The various components, modules, engines, etc. described regarding FIG. 2 (e.g., the capture engine 212, the photogrammetry engine 214, and the layout alignment engine 216) can be implemented as instructions stored on a computer-readable storage medium, as hardware modules, as special-purpose hardware (e.g., application specific hardware, application specific integrated circuits (ASICs), application specific special processors (ASSPs), field programmable gate arrays (FPGAs), as embedded controllers, hardwired circuitry, etc.), or as some combination or combinations of these.
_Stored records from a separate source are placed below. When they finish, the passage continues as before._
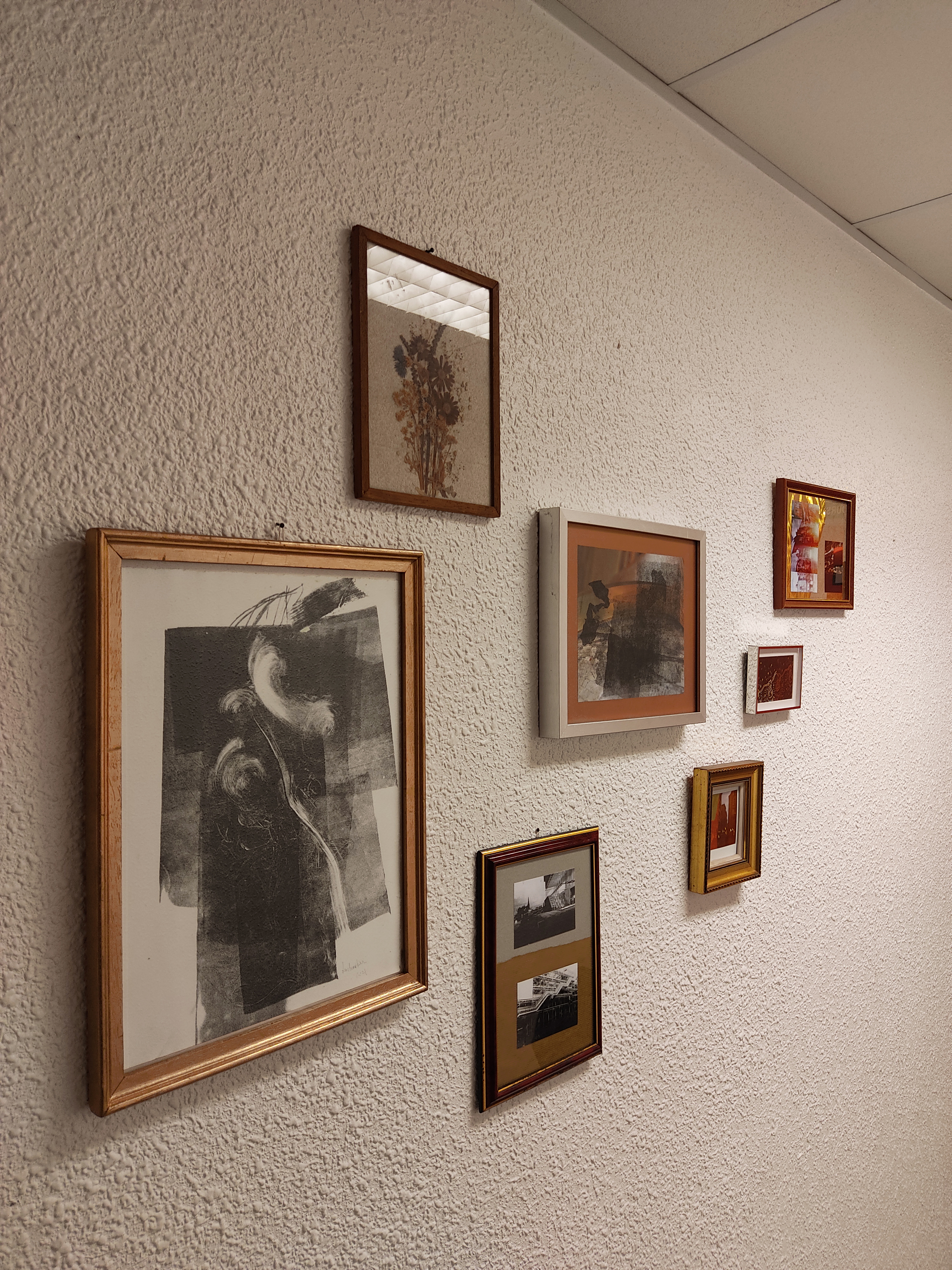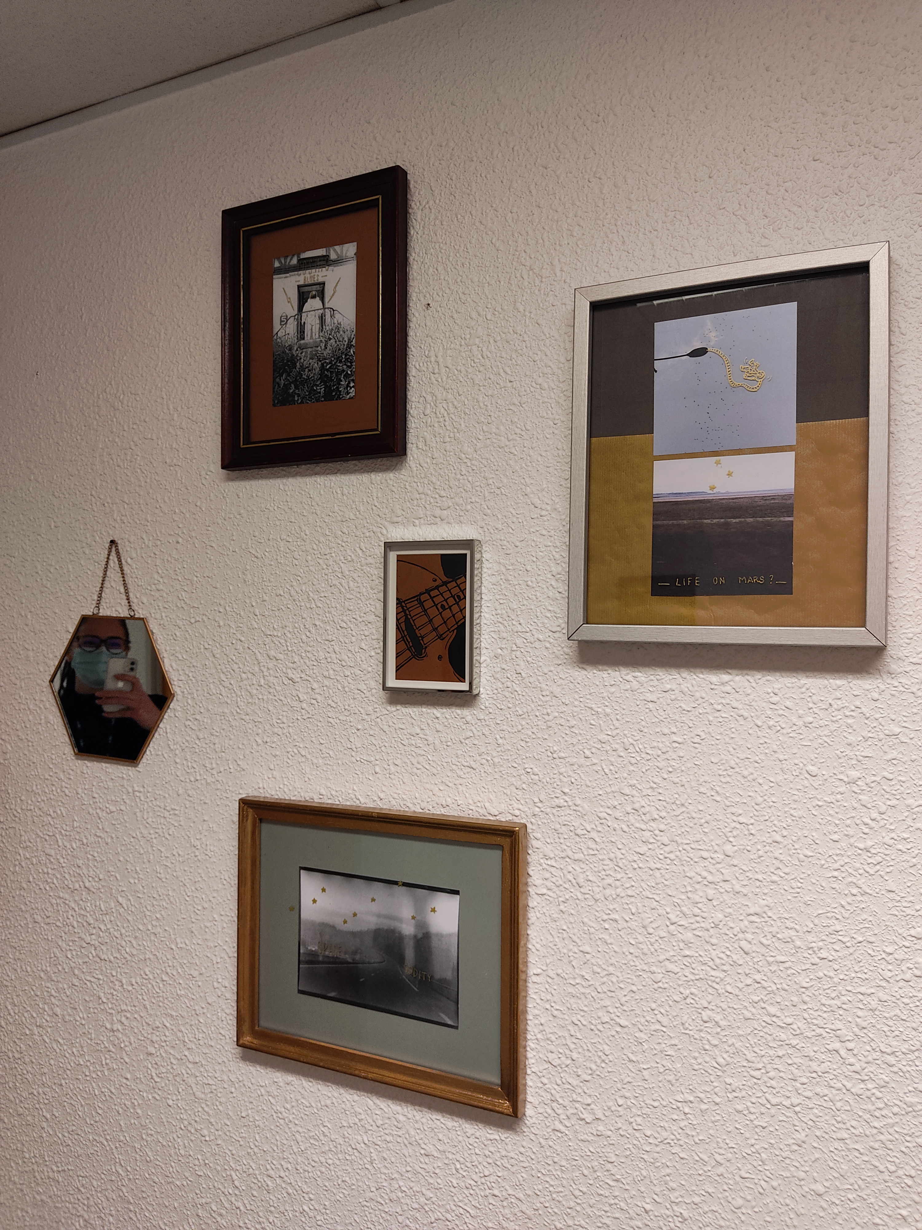En collaboration avec les artistes Maria Luchankina, Zoé Métreau et Vie de poche, nous avons sélectionné des travaux résonnant avec la thématique de l’artiste en tournée. Nous avons réinvesti des images de voyages, des gravures sur des thématiques musicales, et des photographies capturées en lien avec la question de la lumière, de l’éclairage ou encore de la déambulation. Nous avons ensuite découpé, assemblé ou juxtaposé ces dernières dans un ensemble de cadres éclectiques. Des constellations de ces travaux sont visibles sur différents couloirs du bâtiment, laissant les productions interagir entre elles, à l’image des artistes du spectacle en cheminement, tant physiquement que dans leur processus créatif.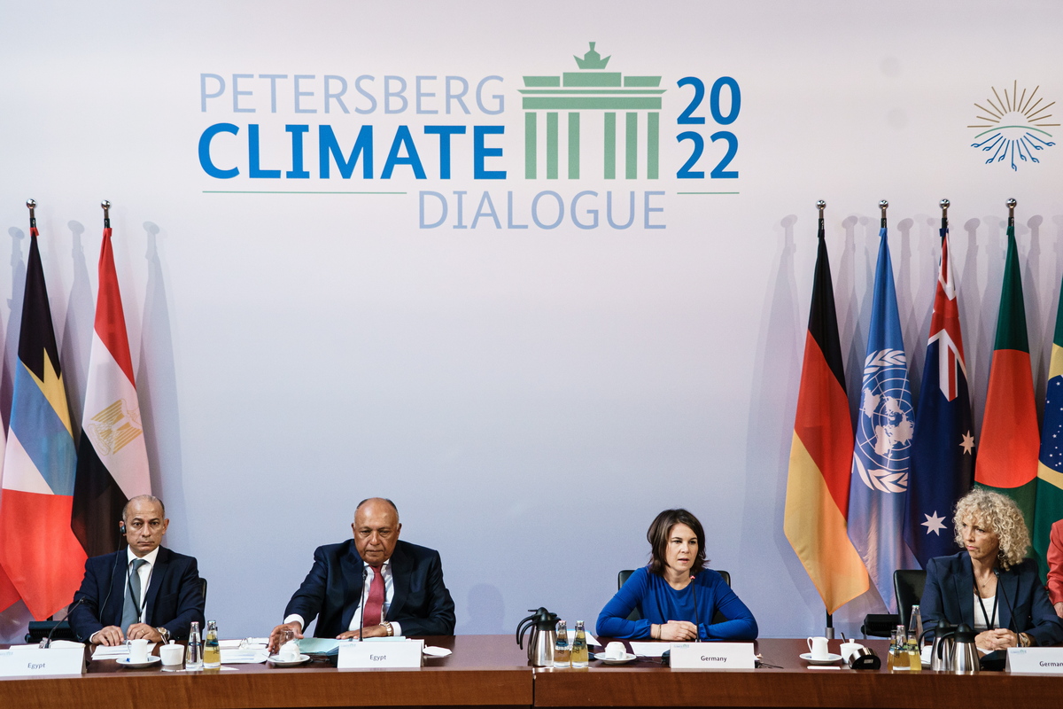 epa10077232 (L-R) Special representative to the COP27 president Wael Aboulmagd, Egyptian Foreign Minister Sameh Shoukry, German Federal Foreign Minister Annalena Baerbock and State Secretary and Special Envoy for International Climate Action at the Federal Foreign Office Jennifer Morgan deliver remarks at the Petersberg Climate Dialogue meeting at the Foreign Ministry in Berlin, Germany, 18 July 2022. The two-day Petersberg Climate Dialogue takes place in Berlin on 18-19 July and is co-chaired by Germany and Egypt. EPA/CLEMENS BILAN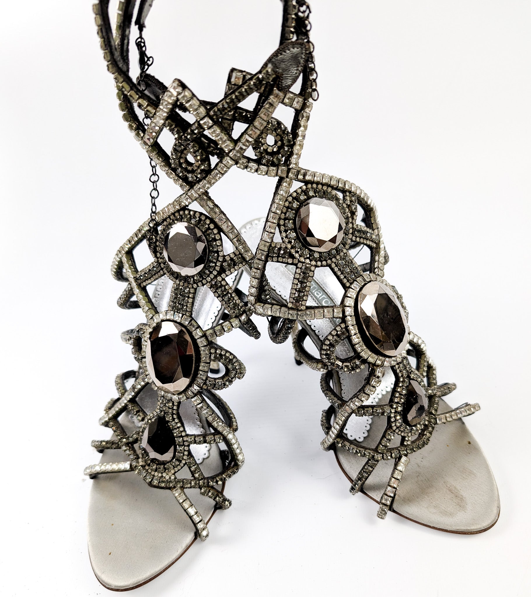 Item: Gianmarco Lorenzi high sandals decorated with stone and mini crystals.

According to aspects of the present disclosure, the engine(s) described herein can be a combination of hardware and programming. The programming can be processor executable instructions stored on a tangible memory, and the hardware can include the processing device 106 for executing those instructions. Thus, the system memory 108 can store program instructions that when executed by the processing device 106 implement the engines described herein. Other engines can also be utilized to include other features and functionality described in other examples herein.
The network adapter 206 enables the processing system 102 to transmit data to and/or receive data from other sources, such as the camera 104. For example, the processing system 102 receives image data (e.g., omnidirectional images and/or omnidirectional video of the environment 222) from the camera 104 directly and/or via the network 207. The image data (e.g., the omnidirectional images and/or the omnidirectional video) from the camera 104 can be stored in the data store 208 of the processing system 102 as image data 209a, which is displayed on the display 210.
The network 207 represents any one or a combination of different types of suitable communications networks such as, for example, cable networks, public networks (e.g., the Internet), private networks, wireless networks, cellular networks, or any other suitable private and/or public networks. Further, the network 207 can have any suitable communication range associated therewith and include, for example, global networks (e.g., the Internet), metropolitan area networks (MANs), wide area networks (WANs), local area networks (LANs), or personal area networks (PANs). In addition, the network 207 includes any type of medium over which network traffic is carried including, but not limited to, coaxial cable, twisted-pair wire, optical fiber, a hybrid fiber coaxial (HFC) medium, microwave terrestrial transceivers, radio frequency communication mediums, satellite communication mediums, or any combination thereof.
As the camera 104 (e.g., an omnidirectional image capturing device) moves through the environment 222 (e.g., an indoor environment, an outdoor environment, or a combination thereof), the camera 104 captures a sequence of omnidirectional images and/or an omnidirectional video of at least portions of the environment 222, where the images or video have a relatively wide field of view (e.g., fisheye images, panoramic images, omnidirectional images, and/or the like including combinations and/or multiples thereof). For example, the camera 104 can capture fisheye images, and the fisheye images can be stitched together to create a spherical image. The omnidirectional images, omnidirectional video, the spherical images, and/or the spherical video can be stored as image data 209a in the data store 208 or another suitable location (e.g., a node of a cloud computing environment). According to one or more embodiments described herein, the capture engine 212 can control the camera 104 and/or cause the camera 104 to capture the image data 209a (e.g., omnidirectional images and/or an omnidirectional video).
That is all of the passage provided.